Git: expand empty-side numstat rename markers. Pre-existing bug: directory insertions and removals (src/{ => newdir}/file.cs) never matched the rename-marker regex, silently dropping those commits from file history in both commit-index walks. Recovers the missing history and collapses the structural metadata differences between the batched and per-file paths (first-commit dates, owners).
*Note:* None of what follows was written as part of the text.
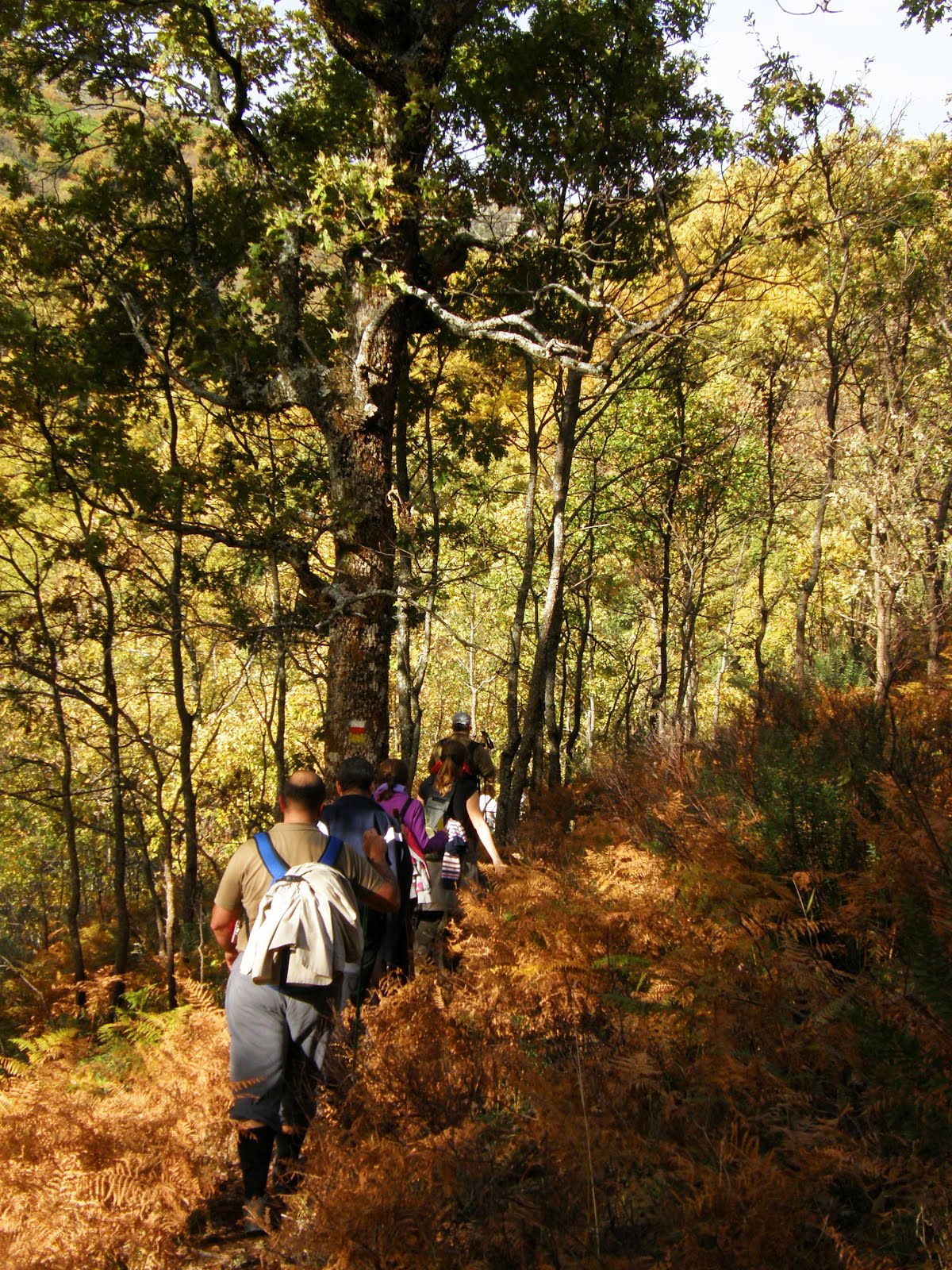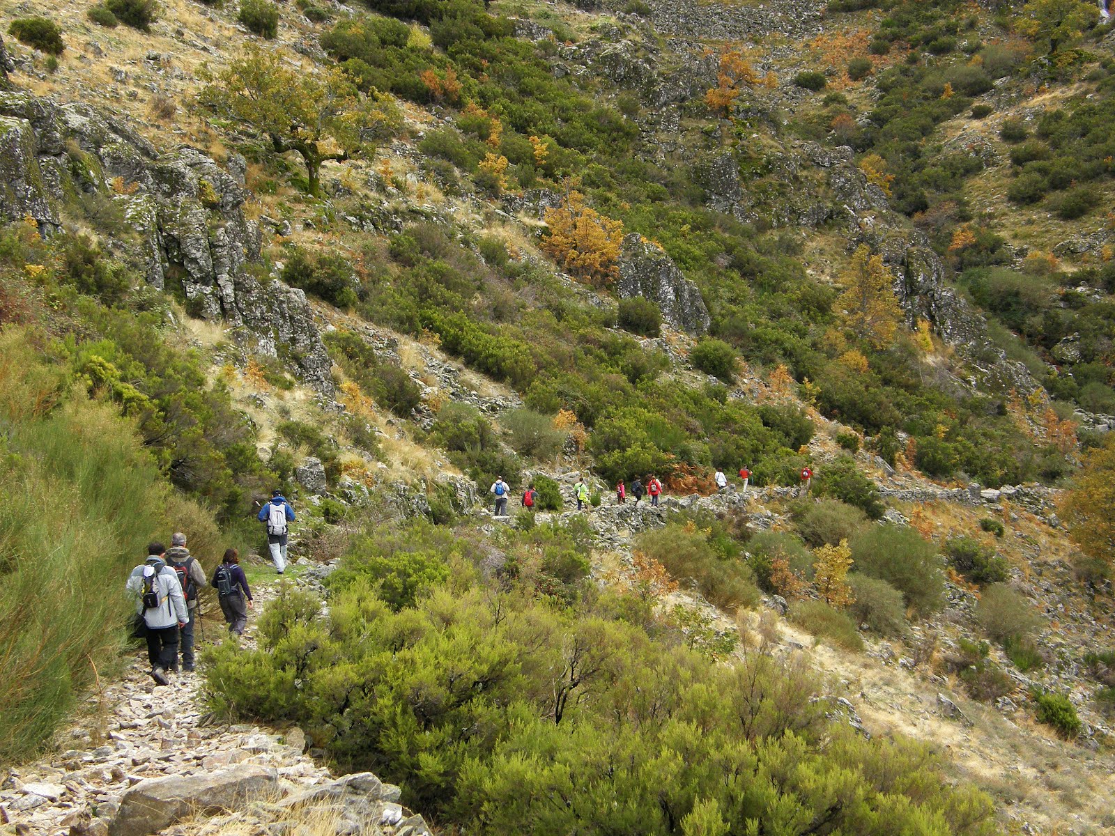Recuperadas las fuerzas comenzaremos la bajada en zig zag por calzadas de piedra hasta el viejo camino de los carboneros, en referencia a que fue utilizado para traer carbón vegetal a las tierras del Ambroz desde las del Jerte.

XAML hints: reuse the resolver-built .NET index. The XAML extractor rebuilt the full DotNetProjectIndex (a second complete .cs walk, read, and scan) on every init and update to get the type map the graph resolvers had already built. The graph builder now stashes its index and the pipeline passes it through the hint registry; emitted edges are identical and the hints phase drops another ~2.4s.

Validation

  • Every change carries an equivalence or regression test: a windowed-vs-full-scan oracle corpus for the regex, a per-file-fallback oracle plus zero-subprocess assertion for the deep walk, all rename-marker forms, and a no-rebuild assertion plus edge-set equality for the index reuse.
  • Full unit suite green (4,941 passed).
  • Update verified on the incremental path (log shows Changed files: 1); hotspot counts unchanged across the git change.
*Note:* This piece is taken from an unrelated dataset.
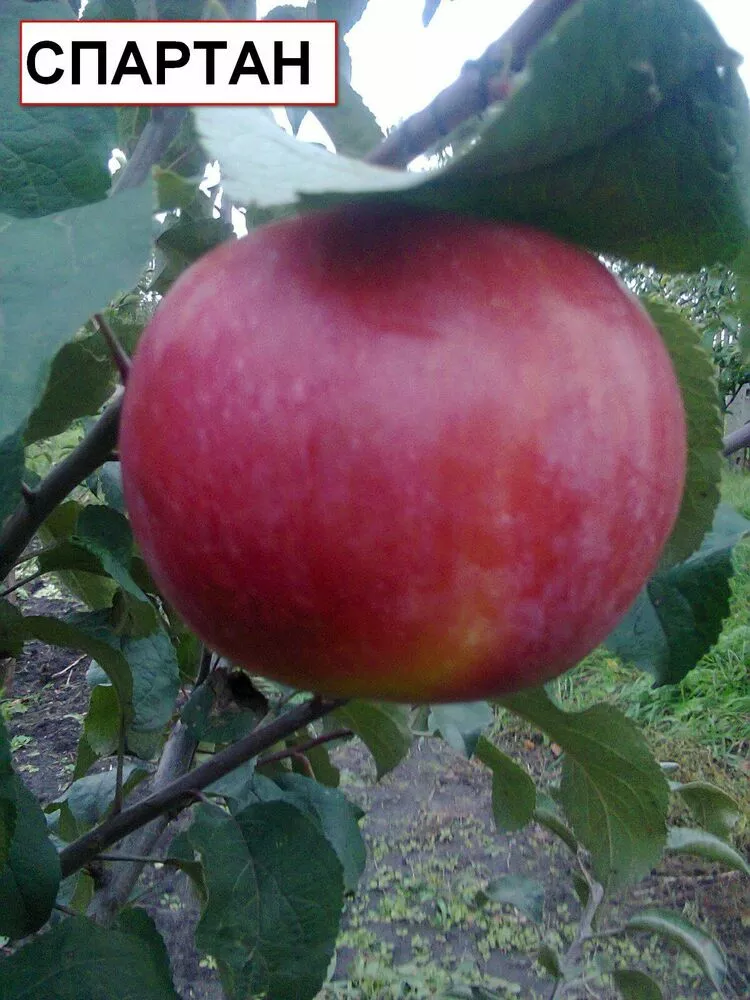 Сорт Спартан виведено 1926 канадськими селекціонерами для отримання плодів у промислових масштабах. Донедавна існувала хибна думка, що в походження цієї яблуні задіяли два сорти: Ньютаун Піппін (Newtown Pippin) і Макінтош. Однак із приходом генетичних експертиз з'ясувалося, що Пепін Ньютаун відношення до цього сорту не має. Зростання середнє, помірне. Крона – округла. Центральний провідник ствола зазвичай має сильний ухил. Листя невеликого розміру (зустрічаються і середнього, але рідше), темно-зеленого кольору, шкірясті та блискучі; практично круглої форми, з кінчиком, що часто закручується. Поверхня листа зморшкувата з пилчастими краями. Пагони сорту Спартан темно-вишневого кольору, складаються з безлічі колін, найчастіше мають сильне опушення. Зазвичай плодоношення концентрується на кільчатках. Бруньки конічної форми, коричневі та притиснуті. Яблуня відрізняється рясним цвітінням. Розмір плодів середній. Світло-жовте забарвлення з насичено-червоним рум'янцем. Найчастіше, сизий восковий наліт надає плоду фіолетового відливу. Форма може бути як округлою, так і конічною. Вершина плоду з невеликою ребристістю. Чим ближче до центру крони, тим коротше і товще плодоніжка. Серцевина насіння звичайної темно-коричневої цибулинної форми. М'якуш яблука яскраво-білий, хрумкий, соковитий. Смак солодкий, без характерних домішок кислинки. Шкірка щільна і товста, однак це не применшує смакових якостей, а, навпаки, гармонійно поєднується з ними. Плоди визрівають практично одночасно наприкінці вересня. Якість яблук вищого ґатунку становить близько 80%. При регулярному поливі вага плода може досягати близько 150 г. Незважаючи на таку значну вагу, завдяки міцній плодоніжці, плоди впевнено триматися на гілках до повного дозрівання. Правильні умови зберігання (льох чи холодильні камери) дозволяють витримати товарний вигляд та смакові якості до березня – квітня місяця. Яблуня Спартан має середній ступінь зимостійкості. Стійкість до борошнистої роси, багатьох грибкових захворювань, парші та бактеріального раку вища за середню. При висадці бажано віддавати переваги суглинистим, повітропроникним, вологоємним ґрунтам. Дерева сорту Спартан вимагають особливо частого обрізання та формування крони. Від цього багато в чому залежить врожайність. Яблука вживають як у свіжому вигляді, так і для консервування. Відмінно підходить спартан для приготування сухофруктів. А пектин, що міститься у великій кількості в плодах яблуні, сприяє збереженню природного кольору і аромату при приготуванні мусів, джемів і желе. Висока врожайність, скороплідність, невибагливість, стійкість до багатьох захворювань, тривалий термін зберігання яблук, хороша транспортабельність, відмінні смакові якості.

The cpp dynamic-hints extractor's function-definition regex backtracks
catastrophically on long runs of prefix-class characters (large
initializer lists, expression-template headers): 38.6s of a 39.8s
extract on a WinUI-scale monorepo, 30s of it in three files.
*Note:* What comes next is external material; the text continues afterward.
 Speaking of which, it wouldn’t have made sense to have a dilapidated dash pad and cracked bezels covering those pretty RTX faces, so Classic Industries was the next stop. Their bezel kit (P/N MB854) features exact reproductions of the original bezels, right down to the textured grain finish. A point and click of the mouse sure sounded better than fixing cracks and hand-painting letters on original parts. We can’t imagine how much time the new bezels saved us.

No component of the pattern can match across ';', '{' or '}'. The one
exception, a noexcept argument span containing one of those characters
before its first closing parenthesis, is detected per file and falls
back to the full-text scan. Every match therefore lies between a
delimiter and the next open brace, so the unchanged pattern is searched
window-by-window via search(pos, endpos), which preserves anchor
semantics against the full string. Windows without a parenthesis cannot
satisfy the mandatory argument span and are skipped.

Matches are byte-identical across a 1,295-file C++ validation corpus
(20,148 matches, zero diffs); extractor edges unchanged. Isolated:
cpp extract 39.8s to 2.9s, dynamic hints extract_all 47.2s to 12.4s.
Files absent from the recent-window commit index each spawned a
per-file 'git log --numstat' subprocess fallback. On repos whose
history is much deeper than the 500-commit window that fallback
dominates the git phase: a 9k-commit WinUI monorepo left 3,295 of
4,857 indexable files to it, costing ~40s of the ESSENTIAL tier.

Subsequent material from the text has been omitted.